Someone, finally, was puzzled by the kissing eskimos that we had posted here before. The complaint was an honest one. What is this blog about? – because this “about” page does not say much of anything.

To use the contemporary lingo, the lack of missional clarity underlies the greater share of the reason why I’m so inconsistent in posting to this blog. Some can allow their blog to be a kind of open diary. These blogs become as sort of mood ring for the opening decade of the 21st century. I don’t want that to happen here.

So here is a little more information:

My name is Van, and I’m a librarian and faculty member at a Bible college (*gasp*).

My academic interest is Historical Theology. I hold an STM in this field in addition to my library degree (MSLIS). I’m currently pursueing a PhD in Historical Theology. It looks more and more like my concentration will be in early modern American theology (you know heresy trials, William Rainey Harper, Northern Baptists, H. L. Mencken, etc.). But I have nagging interests in Patristics and medieval studies as well.

In short, here is the thrust of this blog: Christianity, as we know it institutionally, is in a bad way – no matter what your theological proclivities happen to be. I like to write up things that might help us understand why this is the case. Occasionally, I might criticize some notion of our current Christianity (or Christianity Today, if you prefer). At other times, I may use these pages to inform the readers of some distant past theologies and theologians that/who demonstrated a gravitas not seen much these days. At still other times, I may prefer to analyse a point of conflict within the church.

My perspective . . . well, read the blog, and you tell me what my perspective is. Labels fail me because words, these days, are in abundant supply and thus have little value.

4 thoughts on “About

  1. Hey!! So, despite the intentional opaqueness of your “about” section, I’m not sure there are very many Historical Theologians named Van (except for Vanhoozer and Van Til, and any other Dutch theologians). Very cool to have stumbled across you here in the blogosphere. Look forward to reading through some of your past writing and the new stuff to come!
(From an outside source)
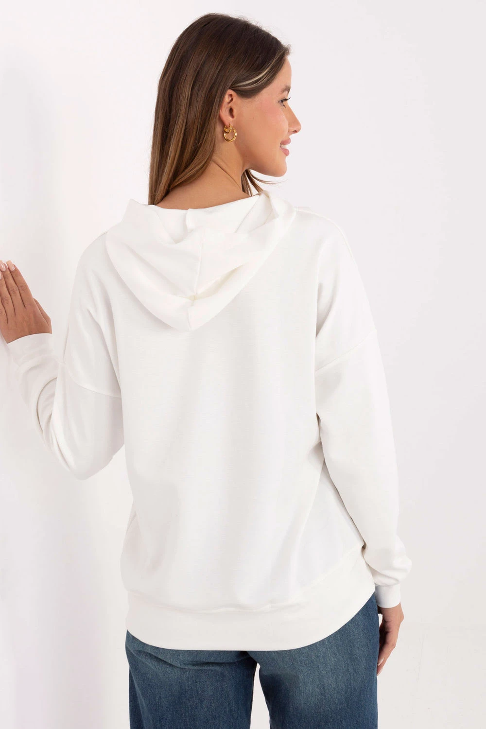 Elegantní dámská mikina s ležérním charakterem, ideální na každý den. Vyrobená z příjemné směsi viskózy, polyesteru a elastanu, poskytuje pohodlí nošení, pružnost a odolnost. Model s standardní délkou, dlouhým rukávem a kapucí je klasikou v moderním provedení. Hladký materiál zajišťuje univerzálnost a snadnou stylizaci, zatímco ozdobné nášivky na spodní části a na kapuci dodávají mikině originální, moderní nádech. Absence zapínání zaručuje volnost a pohodlí při nošení. Ideální k džínům, legínám nebo teplákovým kalhotám, skvělý návrh na každodenní, volné stylizace.
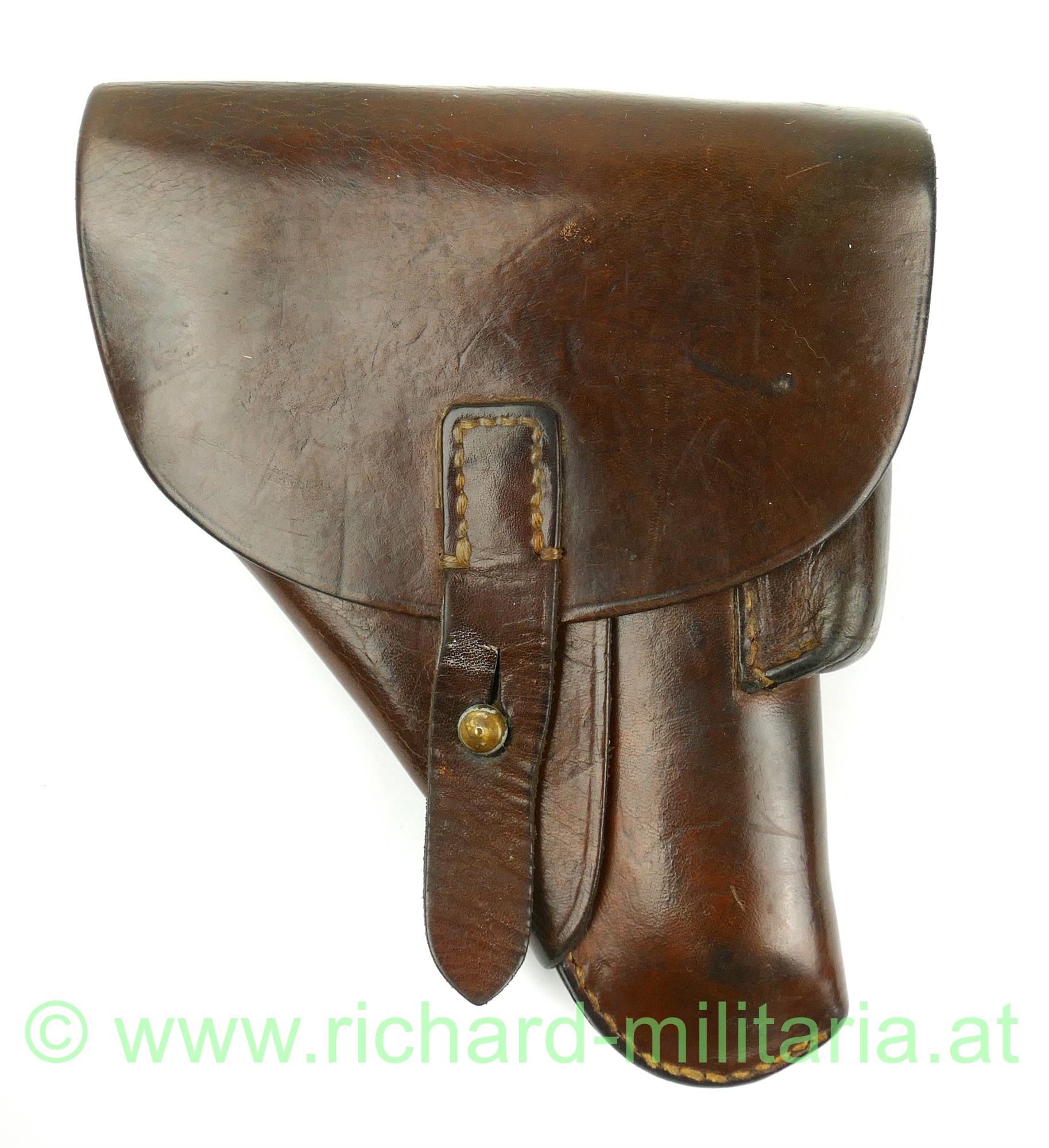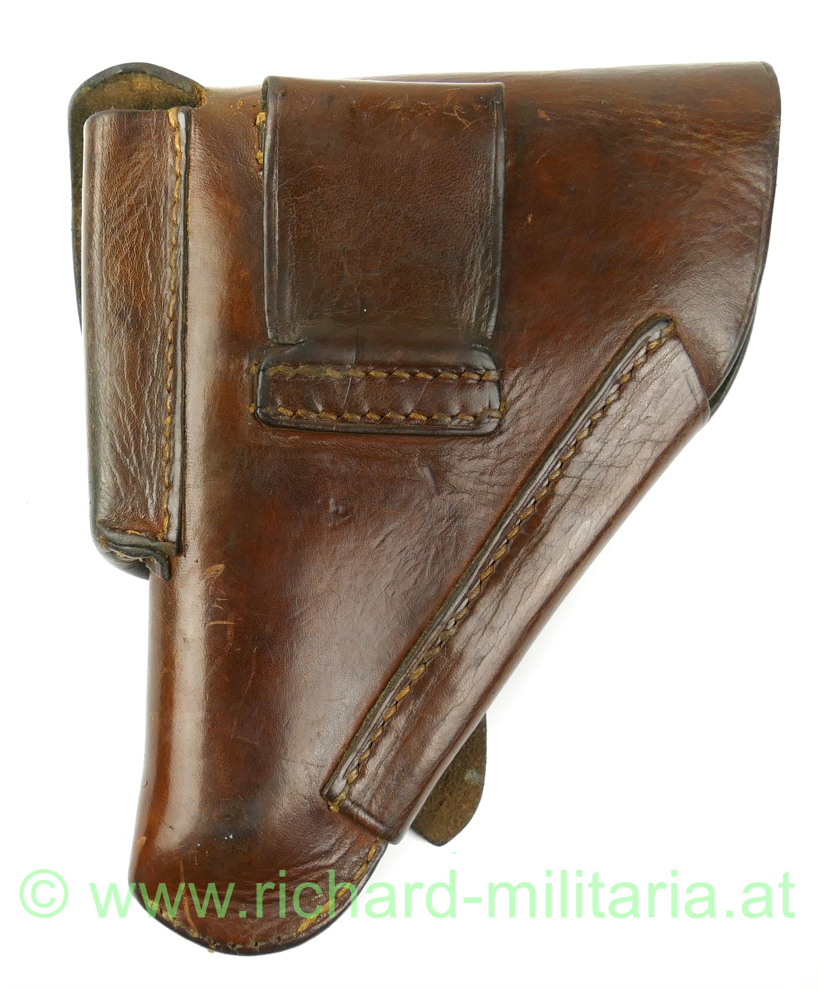 Pistolentasche Kal. 7,65mm, braunes starkes Leder, alle Nähte, auf der Rückseite breite Trageschlaufe (typisch deutsche Ausführung aus dem 2. Weltkrieg), keine Abnahme- bzw. Herstellerstempel;

  2. IM Haldeman was my husband’s great grandfather. We have a picture of him (kind of scary looking) and multiple pamphlets, a bible and a book, “Can the living communicate with the dead?” He was my mother in law’s paternal grandfather. His son (my mother in law’s father) was a surveyor and died of the great flu epidemic circa 1900. He wrote a letter to my mother in law’s mother (his daughter in law) letting her know that he was not pleased when she was going to remarry (after waiting the proscribed mourning period). So, my mother in law, Dorothy Haldeman Keefe, had a brother, Harold Haldeman both grandchildren of this preacher in NYC. Just thought I’d let you know. Patricia E Keefe,

  3. I. M. Haldeman was my great great grandfather. My grandmother, Dorothy Massey Haldeman Keefe, was one of the grandchildren you referenced that were in his obituary. Her father, Harold Watson Haldeman, was a talented electrical engineer who died in 1918 of the Spanish Influenza pandemic at the age of 29. Harold was an only child. Harold’s children, Dorothy (my paternal grandmother) and Harold, Jr. were only 3 and 4 1/2 months at the time of his son’s death in Riverton, Kansas. I am trying to find out more information about my Haldeman family heritage, thank you for your brilliant work!